What is Relapsing Polychondritis?
Relapsing polychondritis is a rare, chronic autoimmune disease characterized by recurrent inflammation of cartilage and other tissues throughout the body. The condition most commonly affects the ears, nose, joints, and respiratory tract, but it can also impact the eyes, heart, blood vessels, and kidneys in more severe cases.
Causes of Relapsing Polychondritis
The exact cause of relapsing polychondritis is unknown, but it is believed to be an autoimmune disorder, where the immune system mistakenly attacks the body’s own cartilage (a type of connective tissue that is found throughout the body). It can also be associated with other autoimmune diseases such as lupus, rheumatoid arthritis, or vasculitis.
Autoimmune disorders are conditions in which the body’s immune system mistakenly attacks its own healthy tissue. Generally, the immune system is designed to protect the body from harmful invaders, such as viruses and bacteria, but in autoimmune conditions, the immune system becomes confused and views the body’s healthy tissues as an invader.
Signs and Symptoms of Relapsing Polychondritis
The signs and symptoms of relapsing polychondritis vary widely depending on which areas of the body is affected. It is a relapsing-remitting disease, meaning symptoms come and go, often unpredictably. The most common signs and symptoms by body system include:
- Ears: Red, painful, swollen outer ears (but not the earlobes); recurrent episodes can lead to floppy ears or cauliflower ear deformity
- Nose: Tender, red nose; repeated episodes can cause a saddle-nose deformity
- Joints: Non-erosive arthritis affecting joints like knees, wrists, or ankles
- Eyes: Redness, pain, blurred vision from conditions like scleritis or uveitis
- Respiratory: Hoarseness, cough, or difficulty breathing due to airway cartilage involvement
- Hearing and balance: Hearing loss, dizziness, or tinnitus
- Heart/Vessels: Aneurysms, valve disease, pericarditis
- General symptoms: Fatigue, fever, and weight loss
Diagnosis of Relapsing Polychondritis
The diagnosis of relapsing polychondritis is primarily clinical, based on the presence of characteristic symptoms such as recurrent inflammation of cartilage in the ears, nose, joints, eyes, and respiratory tract. There is no single definitive test, so physicians often rely on clinical criteria like McAdam’s or Damiani’s criteria, which outline specific features of the disease. Blood tests may be performed to detect signs of systemic inflammation (elevated ESR or CRP) and to rule out other autoimmune or infectious conditions. Imaging studies such as CT or MRI can help assess airway or joint involvement, especially if symptoms are severe.
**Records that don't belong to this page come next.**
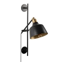 Très chic applique murale en métal noir et doré, monté sur un bras articulé et règlable en hauteur. Cette applique est équipé d’un câble electrique de 1.5m avec intérrupteur à brancher dans une prise électrique standard. Pas besoin d’arrivée éléctrique à hauteur.
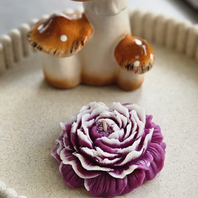 - Bougie décorative artisanale à la pivoine. Fabriquée à la main en France avec cire d’olive et 10 % de parfum de Grasse, elle diffuse un parfum délicat tout en apportant charme et élégance à votre intérieur. Idéale également à offrir, seule ou pour un événement.
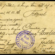 Odwrocie fotografii przedstawiającej Józefa Idziora z synem Franciszkiem, w okresie służby w 6. kompanii 47. batalionu roboczego armii niemieckiej31.12.1916
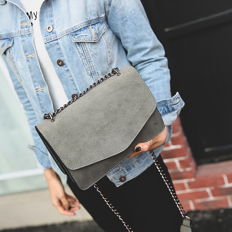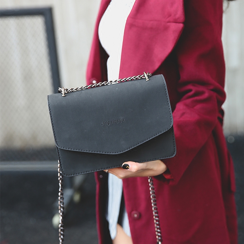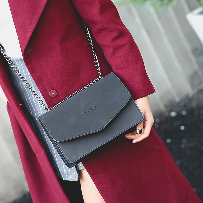 新款韓版磨砂撞色小方包迷你鏈條風琴包簡約單肩斜挎包女小包
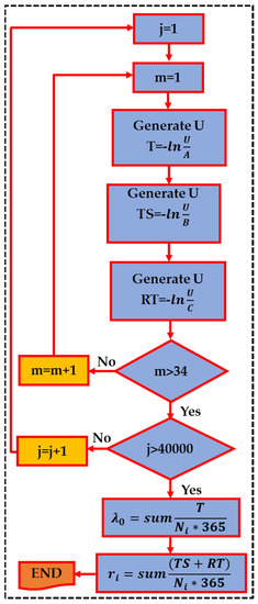 Step 3: there are various methods to calculate the initial values of the annual failure rates, the average switching time, and the average maintenance time of each element of the distribution system. In this paper, the simulation interval was one year, and all sections were the same in terms of reliability. Thus, if a fault occurred in any of the sections, it affected the total reliability of the system. The initial values of the failure rate and maintenance time were modeled using the Monte Carlo method. For this purpose, 40,000 scenarios were considered. In each scenario, the duration of the devices being healthy (T), the time required for switching (ST), and repair time (RT) were specified randomly. In the following, the results were divided by the number of scenarios (40,000) and the number of days of the year to obtain the final failure rate and RT.
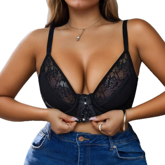 Sexy, dünner, bügelloser BH aus französischer Spitze mit Frontverschluss
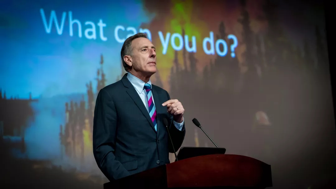 “从现在开始,如果我们能利用可再生能源产生80%的电能,减少二氧化碳的排放,对煤的燃烧从40%减少到7%,也许我们能在2050年前将全球升温控制在1.5°C 。” 他列出的数据揭示了人类活动对全球气候的影响。
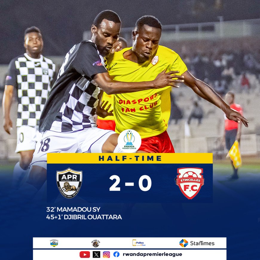 Igice cya mbere hagati ya APR FC na Etincelles FC cyarangira APR FC yabonye ibitego 2-0. Ni igice twabonye APR FC itsinda ariko umupira mu kibuga wabonaga ikipe zombi zirimo kunganya imbaraga.
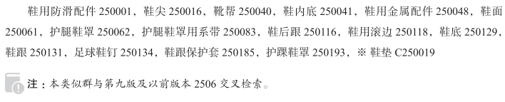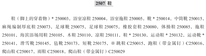 鞋用防滑配件250001; 鞋(脚上的穿着物)250003; 浴室凉鞋250004; 浴室拖鞋250005; 靴250014; 中筒靴250015; 鞋尖250016; 靴帮250040; 鞋内底250041; 鞋用金属配件250048; 鞋面250061; 护腿鞋罩250062; 麻绳编制厚底鞋250073; 足球靴250075; 足球鞋250075; 橡胶套鞋250080; 护腿鞋罩用系带250083; 体操鞋250085; 拖鞋250101; 海滨浴场用鞋250105; 木鞋250110; 凉鞋250111; 鞋后跟250116; 鞋用滚边250118; 鞋底250129; 鞋250130; 鞋跟250131; 运动鞋250132; 足球鞋钉250134; 运动靴250141; 滑雪靴250145; 毡靴250173; 短靴250175; 鞋跟保护套250185; 护踝鞋罩250193; 跳鞋; 跑鞋(带金属钉); 爬山鞋; 雨鞋; 鞋垫; 爬山鞋(带金属钉); 电热靴; 草鞋; 篮球鞋; 非运动用鞋; 带钉跑鞋; 训练鞋; 女鞋; 棒球鞋; 凉拖; 工作靴; 钓鱼用防水长靴; 俄罗斯羊毛毡靴; 高筒裘里雪地靴; 便于穿脱的鞋; 交谊舞鞋; 登山靴; 橡胶或塑料制压纹鞋跟; 橡胶或塑料制压纹鞋底; 跑鞋; 儿童雨靴; 夹趾凉鞋用防滑垫; 球鞋; 高尔夫球鞋; 日式分趾工作鞋; 修脚时穿的泡沫拖鞋; 马靴; 平底鞋; 皮鞋; 日式草屐的上底面; 藤编的日式草屐的上底面; 日式木屐的木屐台; 日式木屐的木屐齿; 木鞋(鞋); 有搭扣带的鞋; 鹿皮软底鞋; 日式木屐带; 女士可折叠拖鞋; 胶底布鞋用橡胶鞋底; 木屐式凉鞋; 日式草屐底; 手球运动鞋; (雨天穿的)高齿木屐; 鞋靴用鞋垫; 骑摩托车穿的靴子; 芭蕾舞软鞋; 日式毡凉鞋; 日式草屐; 晴天用矮齿木屐; 矮齿木屐; 冬靴; 步行鞋; 鞋用保护性构件; 女靴; 系带靴子; 骑自行车鞋; 套鞋; 甲板鞋; 排球鞋; 雪地靴; 曲棍球鞋; 正装鞋; 童鞋; 日式木屐用金属配件; 登山鞋; 皮拖鞋; 靴套; 维修用鞋底; 雨天穿的高齿木屐; 骑马鞋; 休闲鞋; 厚底鞋; 军靴; 帆布鞋; 乙烯塑料鞋; 徒步靴; 涉水鞋; 橡胶鞋; 高筒橡胶套鞋; 自行车鞋; 一次性拖鞋; 鞋掌; 橄榄球鞋; 鞋中底; 田径运动鞋; 滑雪鞋; 系带靴; 护士鞋; 夹趾拖鞋; 女式短靴; 徒步鞋; 工作鞋; 帆布便鞋; 芭蕾舞鞋; 男鞋; 日式皮凉鞋; 拖鞋鞋底; 拳击鞋; 日式草鞋; 鞋(矫形鞋除外); 攀岩鞋; 靴用金属配件; 舞鞋; 日式木屐; 鞋舌; 钓鱼用鞋; 木底鞋; 网球鞋; 夹趾凉鞋; 人字拖鞋; 保龄球鞋; 便鞋;
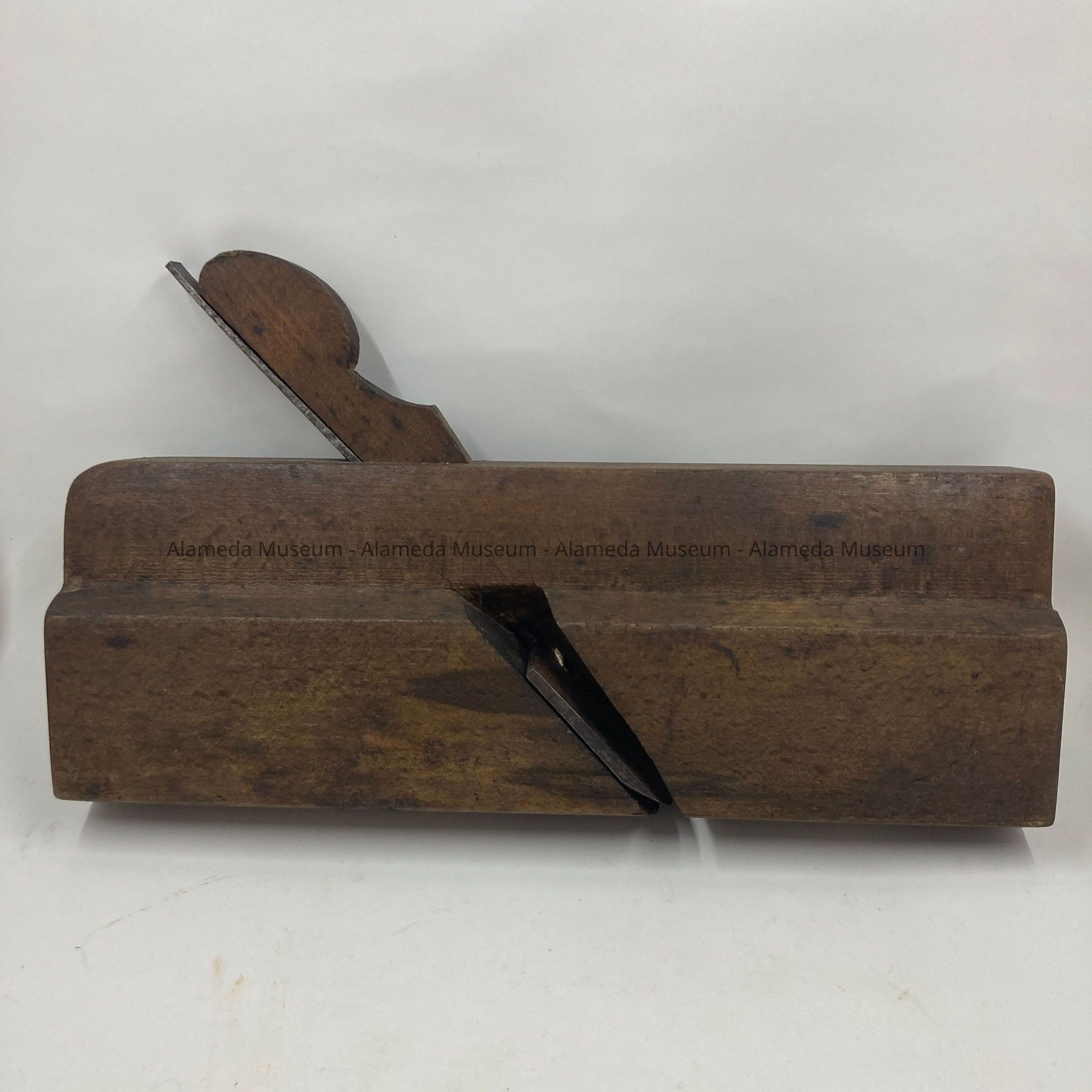 History of Object: 9.5" Hand plane, part of a collection of carpentry tools, owned by John Ucovich (presumed), an immigrant carpenter from Montenegro. John Ucovich moved to Alameda around 1925, and ran a trucking business in Oakland. By 1938 John (aged 61) lived with his wife, Myrtle May, at 775 Santa Clara. He died as the result of injuries sustained after being run over by a streetcar on March 28, 1938.
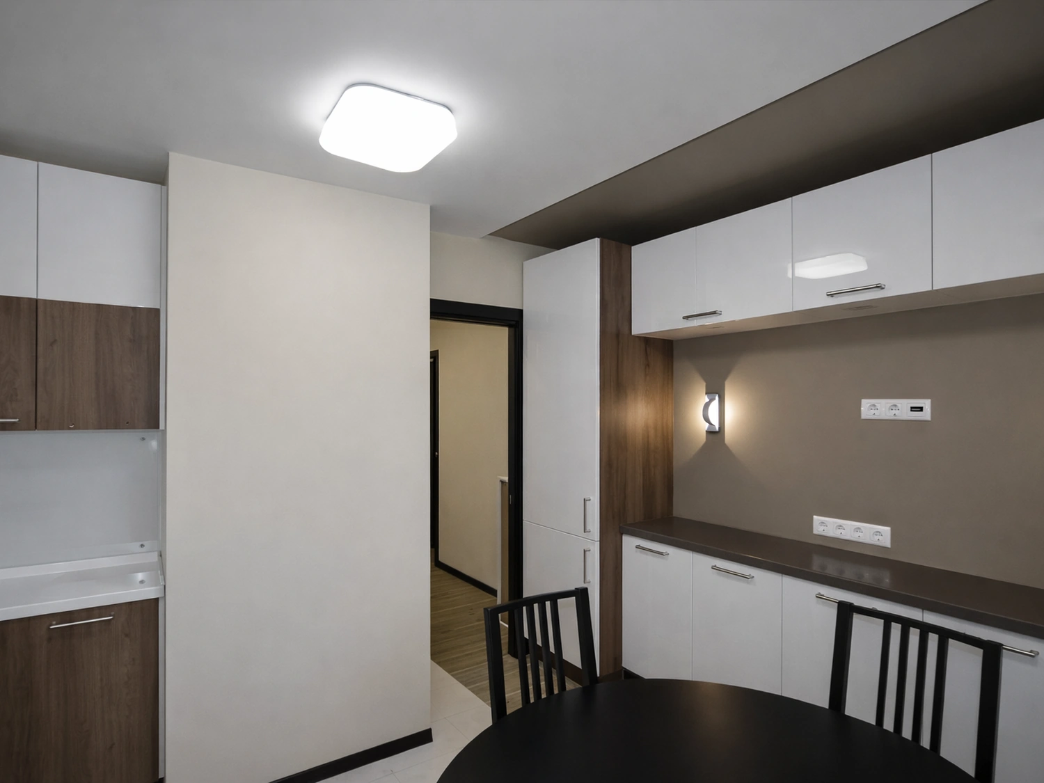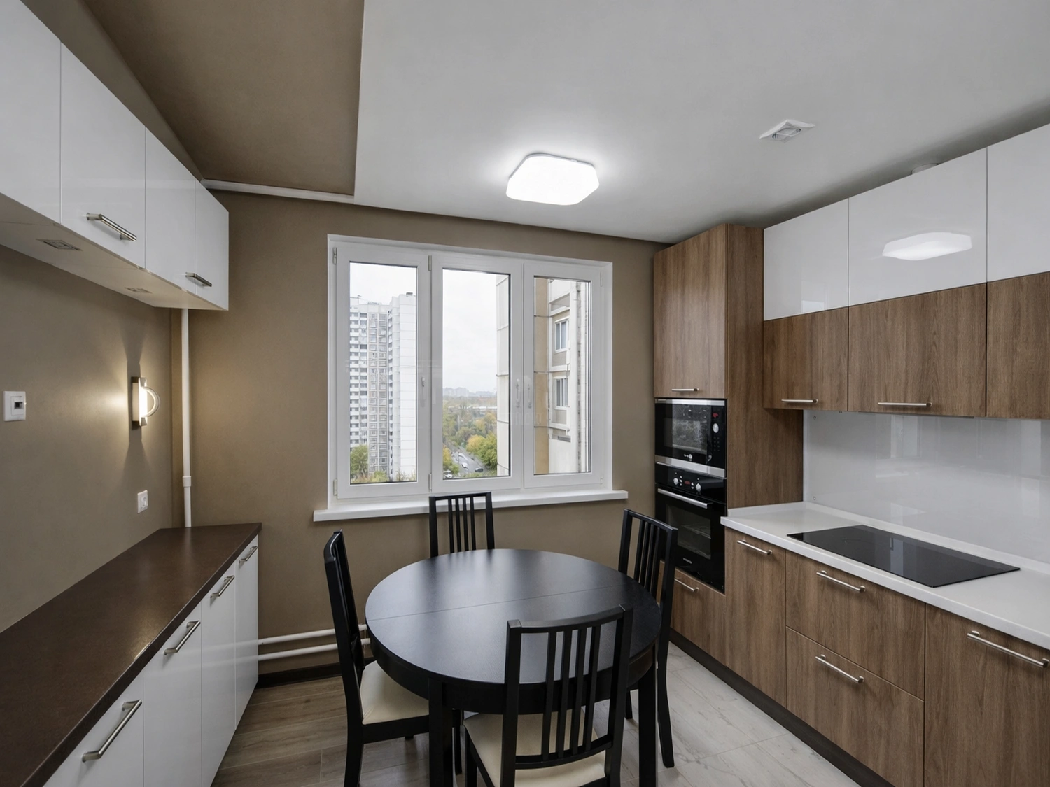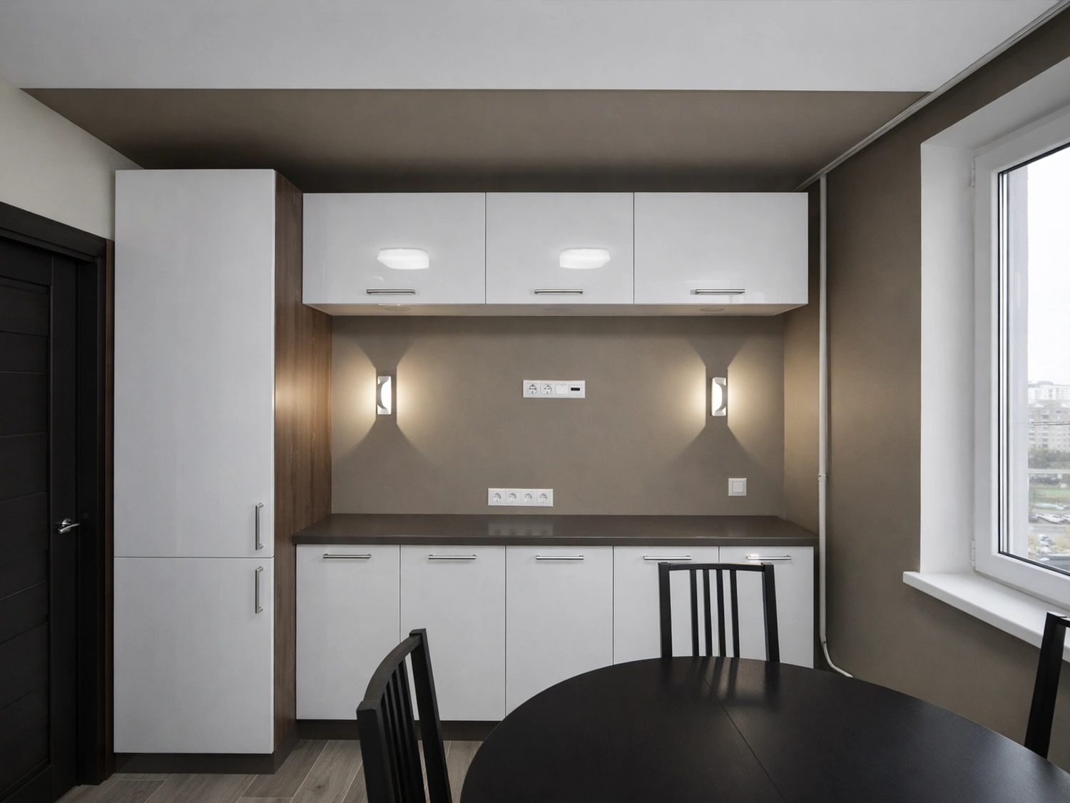 В обеденной зоне предусмотрено локальное освещение в виде настенных бра, создающих мягкий, камерный свет для вечерних чаепитий. Стены здесь выкрашены в нейтральный сложный оттенок тауп (серо-коричневый), который отлично сочетается с черной обеденной группой.
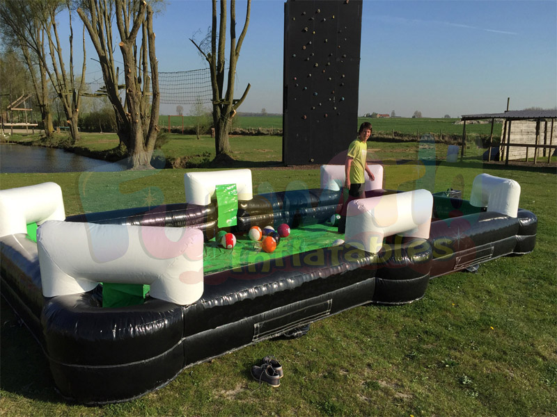 لعبة تفاعلية فريدة من نوعها حيث يمكنك الجمع بين حب كرة القدم مع لعبة البلياردو. تلعب هذه اللعبة التفاعلية مع كرات البلياردو الكبيرة التي تضخم حجم كرة القدم. الهدف من اللعبة هو استخدام قدميك بدلا من عصا تجمع لضرب الكرة جديلة وكرات في واحدة من جيوب تماما مثل لعبة كرة القدم من كرة القدم وكرة القدم هذه هي لعبة تفاعلية مثيرة وسريعة التي من المؤكد أن تجذب الكثير من الناس يمكنك لعب هذه اللعبة باعتبارها 1 مقابل 1 أو 2 مقابل 2 أو 4 مقابل 4 لاعب لقد رأينا خطوطًا حول هذه اللعبة في العديد من الأحداث بسبب تصميمها الفريد وواحد من نوعه هذا التصميم يدعى أيضًا طاولات البلياردو للنفخ

In some cases, a biopsy of affected cartilage may be done to confirm inflammation and aid in diagnosis.
Treatment for Relapsing Polychondritis
Treatment for relapsing polychondritis focuses on reducing inflammation and managing symptoms based on disease severity. Mild cases, such as those involving the ears, nose, or joints, are typically treated with nonsteroidal anti-inflammatory drugs (NSAIDs) and low-dose corticosteroids. Moderate cases, involving more widespread inflammation, may require higher doses of corticosteroids along with immunosuppressive medications like methotrexate or azathioprine to control the disease and minimize steroid use. In severe or life-threatening situations, such as airway involvement or organ complications, treatment may involve high-dose intravenous corticosteroids, stronger immunosuppressants like cyclophosphamide, or biologic therapies such as rituximab or TNF inhibitors. Supportive care, including airway interventions, eye treatments, and hearing aids, may also be necessary depending on the organs affected. Treatment is tailored to the individual based on the severity and organs involved, and regular monitoring is important to manage flares and adjust medications as needed.